→ Collected material:

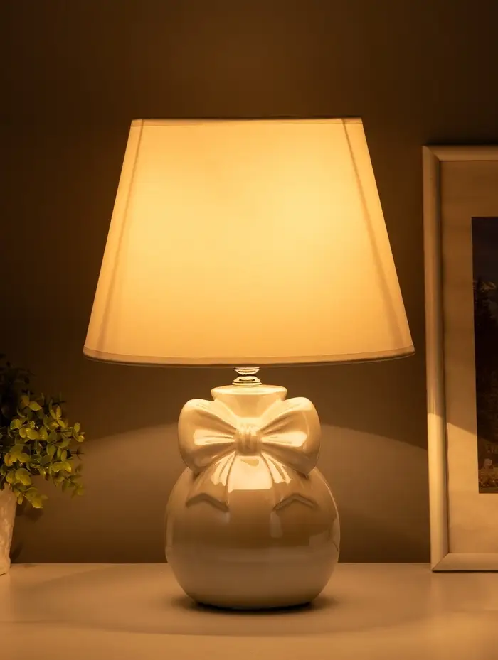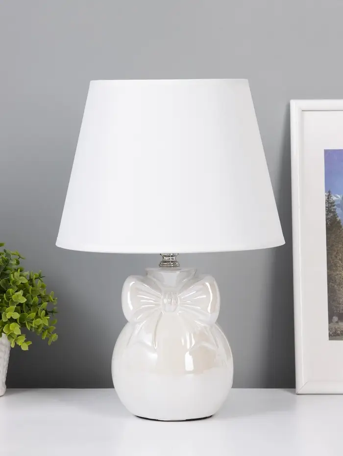 Лампа настольная E27 40Вт "Шар с бантом" беж перламутр 22х22х33,5 см
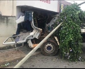 O caminhão sem freio por pouco não entrou em um estabelecimento comercial. Por sorte ninguém se feriu no acidente.
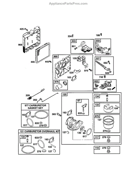 This is a carburetor overhaul kit for 3.5 to 4 HP Max Series Quantum and 5 HP Industrial Plus Engines. It is secured to the side or top of a lawnmower engine, depending on the manufacturer. The carburetor is crucial to the overall performance of an engine because it is responsible for mixing the right amounts of air and fuel. The fuel from the fuel tank flows through a hose into the carburetor, which allows it to drip into a bowl. The carburetor can become dirty or clogged over time for a variety of reasons. When this happens, it is often a good idea to take it apart and replace the components inside. There are other telltale signs that the carburetor needs an overhaul or repair. These include an engine that won't start, an engine that's running lean, an engine that's running rich, and one that's flooded. This high-quality carburetor overhaul kit comes with everything needed to repair or rebuild a carburetor, including gaskets, needle, float, seals, and an instruction manual. Aside from lawnmowers, it works with specific models of leaf blower/vacuums, generators, pressure washers, wood chippers, and small engines from Briggs & Stratton, Craftsman, Cub Cadet, Lawn-Boy, MTD, Murray, Simplicity, and Toro. It is an OEM product sourced directly from the manufacturer and is sold individually. Please refer to the diagram of the specific model for the correct location and application of the components.
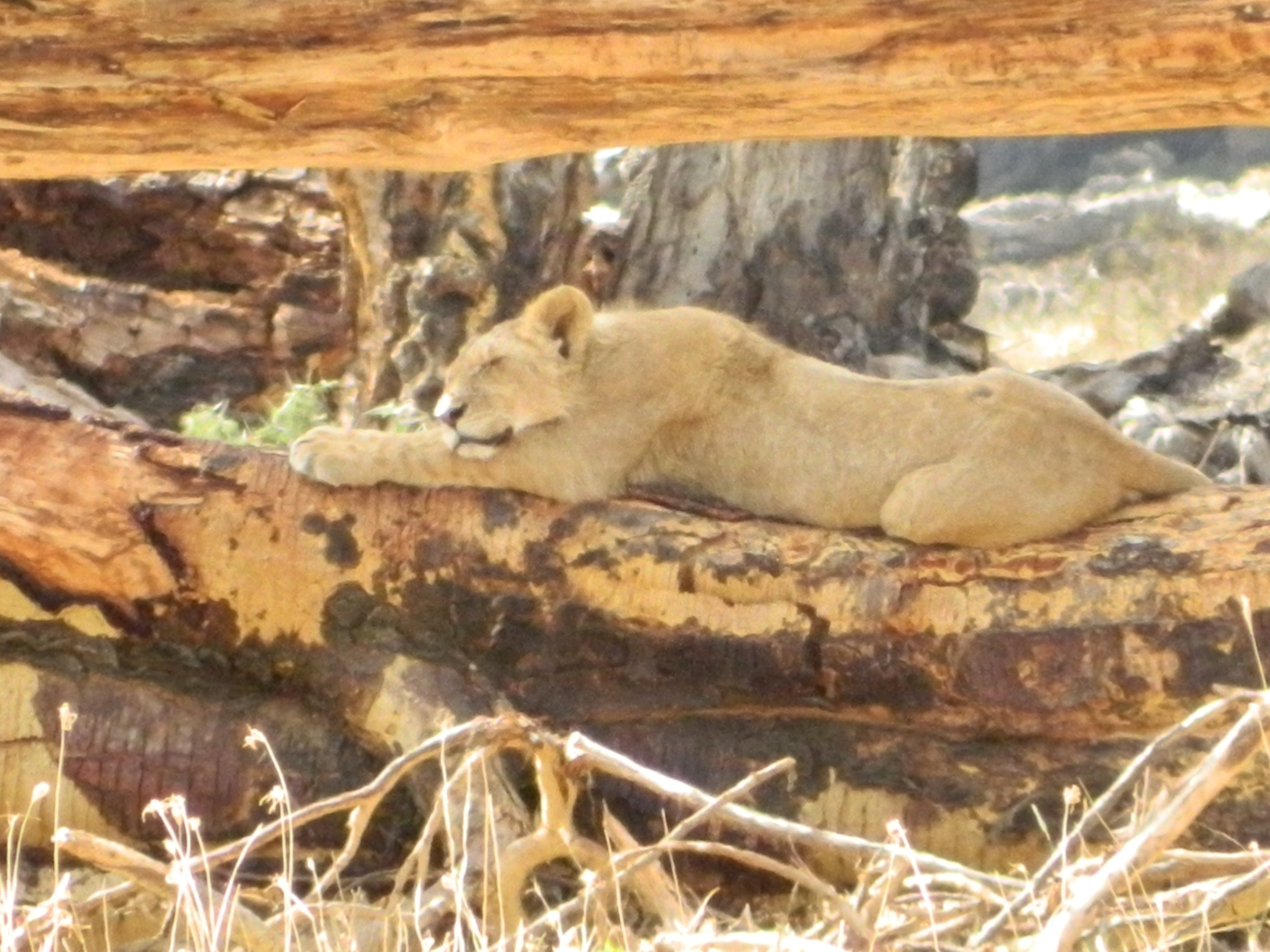 This cub is one of 3 cubs in a pride of 5 that were all hanging out on this fallen tree. Clearly pretty stressed out by our presence….. Image Reply

→ Task to carry out: Every line of the data should be copied as it stands, without the images.

→ Response for this exercise:
 Лампа настольная E27 40Вт "Шар с бантом" беж перламутр 22х22х33,5 см
 O caminhão sem freio por pouco não entrou em um estabelecimento comercial. Por sorte ninguém se feriu no acidente.
 This is a carburetor overhaul kit for 3.5 to 4 HP Max Series Quantum and 5 HP Industrial Plus Engines. It is secured to the side or top of a lawnmower engine, depending on the manufacturer. The carburetor is crucial to the overall performance of an engine because it is responsible for mixing the right amounts of air and fuel. The fuel from the fuel tank flows through a hose into the carburetor, which allows it to drip into a bowl. The carburetor can become dirty or clogged over time for a variety of reasons. When this happens, it is often a good idea to take it apart and replace the components inside. There are other telltale signs that the carburetor needs an overhaul or repair. These include an engine that won't start, an engine that's running lean, an engine that's running rich, and one that's flooded. This high-quality carburetor overhaul kit comes with everything needed to repair or rebuild a carburetor, including gaskets, needle, float, seals, and an instruction manual. Aside from lawnmowers, it works with specific models of leaf blower/vacuums, generators, pressure washers, wood chippers, and small engines from Briggs & Stratton, Craftsman, Cub Cadet, Lawn-Boy, MTD, Murray, Simplicity, and Toro. It is an OEM product sourced directly from the manufacturer and is sold individually. Please refer to the diagram of the specific model for the correct location and application of the components.
 This cub is one of 3 cubs in a pride of 5 that were all hanging out on this fallen tree. Clearly pretty stressed out by our presence….. Image Reply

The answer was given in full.